In a word, national power is neither founded on legalism nor institutionalism, it's all about industrialism.

13 April 2015

In Defense of the Academic Profession

Source
It is interesting to see in my Facebook's newsfeed today several colleagues in the Philippine academia — mostly from the social sciences — sharing and commenting with a seal of approval on the recent commentary in The Straits Time entitled "Prof, no one is reading you." The commentary's main argument is that "An average academic journal article is read in its entirety by about 10 people. To shape policy, professors should start penning commentaries in popular media." I would like to offer here some personal observations and reflections on this topic based on my initial years in the academic career.

A Filipino professor who has been given a privileged space in a mainstream news website is one of the most supportive of the commentary's argument. Not all academics, however, have the time, PR skills, and extrovert personality like him. Personally, I also believe in a socially-relevant, reality-based, activist, and purpose-driven academic practice; but now I have learned to respect and appreciate the life choices and career goals of colleagues in the profession. Every academic, like any other professional or human being, has her/his own career plans and sense of life's purpose. The academia is also a profession which simply contributes its share to the society and performs its specific duties and responsibilities in the society together with the specific duties and responsibilities of other professions. Recall the concept of "division of labour" as key to social progress and harmony where we each share and perform our natural talents and enhanced skills for the betterment of society.

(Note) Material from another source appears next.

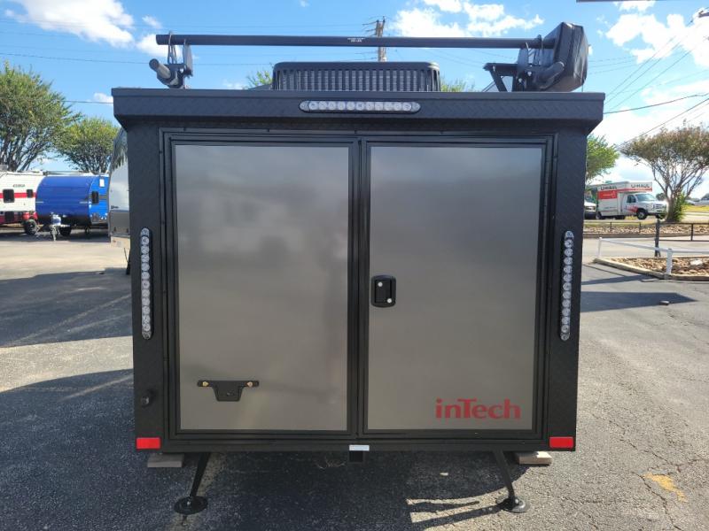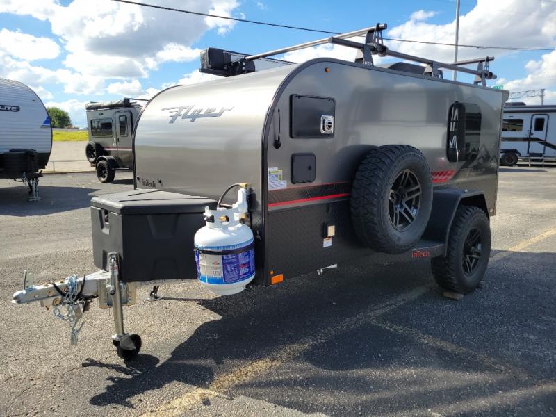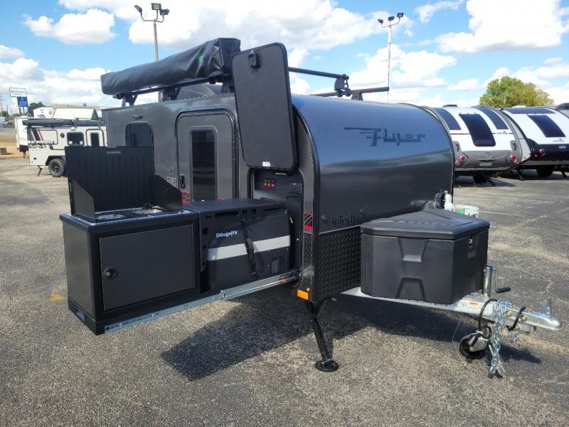 The inTech RV Flyer travel trailers and toy hauler expandables are ready for adventure whenever you are! With the all-aluminum, all-tube cage frame, the Flyer has been built with lightweight and long-lasting materials so that you can enjoy your unit for many, many years. The Flyer has a rugged design so that you can confidently explore new territory and go where traditional RVs cannot. The Flyer has a 2" rear receiver rated for 175 pounds which allows you to bring along your bikes, and the Bluetooth stereo has two speakers you can always have your best music playing. The optional roof rack will allow you to bring along kayaks, and there are more available options depending on the model you choose.

The two main duties of academics are: "research" and "teaching". Many universities have also added the peripheral duty of "other forms of knowledge dissemination to society", which includes media coverage and public speaking engagements. Except for the Philippines' finest universities — the University of the Philippines, De La Salle University, and Ateneo de Manila University — all universities in the country are "teaching universities", rather than "research universities." In fact, compared with global best practices of world's top universities, even UP, DLSU, and ADMU are yet to be organised as "research universities" — though undoubtedly these are great "teaching universities" with very good and dedicated teachers. 

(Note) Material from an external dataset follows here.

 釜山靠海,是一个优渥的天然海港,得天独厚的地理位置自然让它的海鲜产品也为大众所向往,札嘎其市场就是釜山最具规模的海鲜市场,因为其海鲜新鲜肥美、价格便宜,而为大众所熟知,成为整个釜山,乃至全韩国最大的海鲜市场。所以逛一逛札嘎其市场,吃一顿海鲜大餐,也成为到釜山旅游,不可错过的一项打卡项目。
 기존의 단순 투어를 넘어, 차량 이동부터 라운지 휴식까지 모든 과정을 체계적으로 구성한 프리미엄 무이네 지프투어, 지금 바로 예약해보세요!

In a "research university", research is the foundation of the other academic duties of "teaching" and "policy advice" — thus, the concepts "research-based teaching", "research-based policy making", and "research-based media commentaries". Importantly, successful economies today have had at the heart of their development strategies a "national innovation system", where there are synergetic linkages between universities, industries, and government. Historically, these innovation systems are conscious policy plans and strategies initiated by governments, providing a framework for the effective interaction between universities (doing basic scientific research) and industries (applying this research, or applied science).

My point here is that, considering the urgent necessity for higher education reforms in the country to effectively address national needs and keep up with global standards, Philippine academics should be encouraged and be given the generous time and resources to do more "research", which must be a prerequisite for their other knowledge dissemination activities including writing for and speaking at popular media channels. And yes, crucial to this endeavour is for academics to go through the tough publication process in peer-reviewed journals. I also have issues and frustrations with this prevailing "publish or perish" principle as well as the business of publishing in the academia; but with hindsight, I have learned so much from the thoughtful and conscientious feedback and reviews that I received for my submissions, especially for those which have been rejected. I have realised more how important feedback and reviews from peers are in refining our ideas and in keeping with the standards of scientific research. At the same time, the peer-review process teaches us humility.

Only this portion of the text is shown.